ABOUT THIS EXERCISE: For this task, output exactly the lines of the material below starting at the line with "Aoxun 10 x 12FT" and ending at the line with "เมื่อท่านได้รับข้อความแจ้งเตือนภัยผ่านระบบ Cell Broadcast"; pictures are to be excluded.

GIVEN DATA:
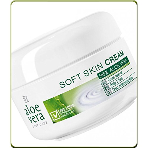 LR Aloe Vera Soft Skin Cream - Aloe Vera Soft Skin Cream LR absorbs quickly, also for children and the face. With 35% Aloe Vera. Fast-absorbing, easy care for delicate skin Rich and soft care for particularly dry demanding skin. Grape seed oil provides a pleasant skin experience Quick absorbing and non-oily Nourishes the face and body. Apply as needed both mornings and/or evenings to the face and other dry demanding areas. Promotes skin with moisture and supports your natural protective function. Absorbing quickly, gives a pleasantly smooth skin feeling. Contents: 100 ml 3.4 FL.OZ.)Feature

--

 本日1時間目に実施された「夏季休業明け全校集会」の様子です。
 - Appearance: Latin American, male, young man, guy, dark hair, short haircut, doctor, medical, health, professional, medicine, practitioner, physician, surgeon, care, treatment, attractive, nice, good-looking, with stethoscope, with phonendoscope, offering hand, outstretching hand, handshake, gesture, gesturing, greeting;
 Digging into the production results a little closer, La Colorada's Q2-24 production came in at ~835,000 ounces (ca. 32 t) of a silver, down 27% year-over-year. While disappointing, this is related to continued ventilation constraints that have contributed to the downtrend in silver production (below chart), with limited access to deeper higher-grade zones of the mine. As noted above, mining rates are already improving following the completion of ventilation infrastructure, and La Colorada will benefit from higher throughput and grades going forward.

...

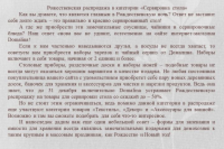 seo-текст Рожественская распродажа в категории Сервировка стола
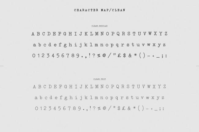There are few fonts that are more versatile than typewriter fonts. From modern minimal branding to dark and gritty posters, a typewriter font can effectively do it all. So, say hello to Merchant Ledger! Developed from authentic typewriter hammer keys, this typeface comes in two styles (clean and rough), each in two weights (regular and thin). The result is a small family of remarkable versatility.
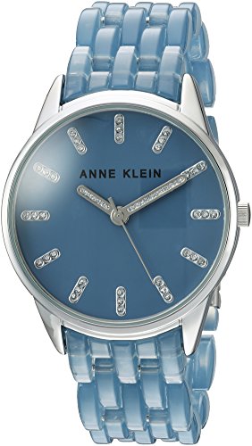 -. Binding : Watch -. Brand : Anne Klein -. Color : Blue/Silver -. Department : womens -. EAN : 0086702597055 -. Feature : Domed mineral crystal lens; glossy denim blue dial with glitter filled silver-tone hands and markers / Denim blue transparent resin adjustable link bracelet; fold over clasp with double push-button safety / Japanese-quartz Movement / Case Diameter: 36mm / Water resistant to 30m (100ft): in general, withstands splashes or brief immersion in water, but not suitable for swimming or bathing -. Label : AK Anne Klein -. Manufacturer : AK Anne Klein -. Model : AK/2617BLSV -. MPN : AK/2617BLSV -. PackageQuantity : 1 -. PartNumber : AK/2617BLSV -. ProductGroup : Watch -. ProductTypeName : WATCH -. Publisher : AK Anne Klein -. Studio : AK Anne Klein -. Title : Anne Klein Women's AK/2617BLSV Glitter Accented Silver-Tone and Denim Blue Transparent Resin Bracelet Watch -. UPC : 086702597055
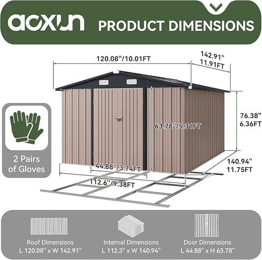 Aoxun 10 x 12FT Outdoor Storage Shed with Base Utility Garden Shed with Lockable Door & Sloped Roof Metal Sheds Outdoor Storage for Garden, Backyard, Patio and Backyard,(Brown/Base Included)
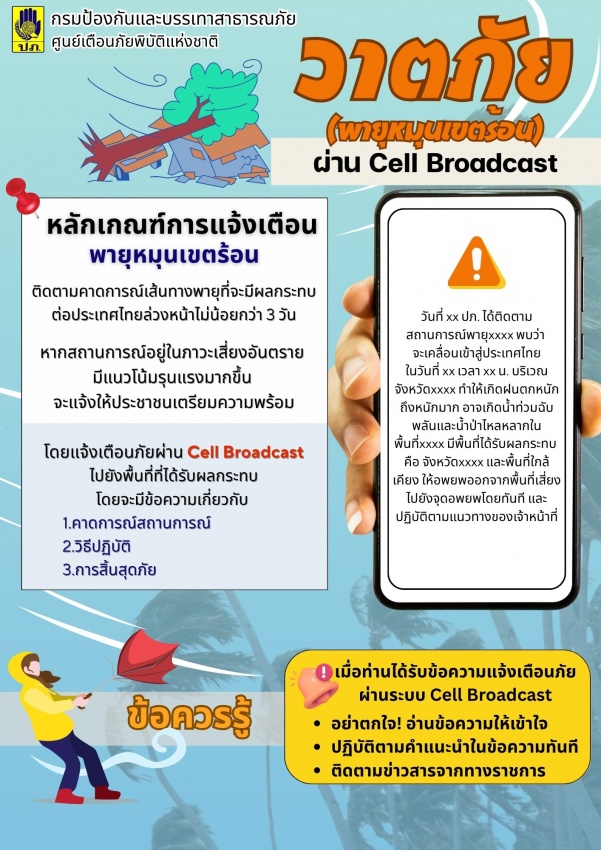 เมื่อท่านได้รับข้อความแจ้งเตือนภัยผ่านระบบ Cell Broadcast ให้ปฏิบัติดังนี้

SOLUTION TO THIS TASK:
 Aoxun 10 x 12FT Outdoor Storage Shed with Base Utility Garden Shed with Lockable Door & Sloped Roof Metal Sheds Outdoor Storage for Garden, Backyard, Patio and Backyard,(Brown/Base Included)
 เมื่อท่านได้รับข้อความแจ้งเตือนภัยผ่านระบบ Cell Broadcast ให้ปฏิบัติดังนี้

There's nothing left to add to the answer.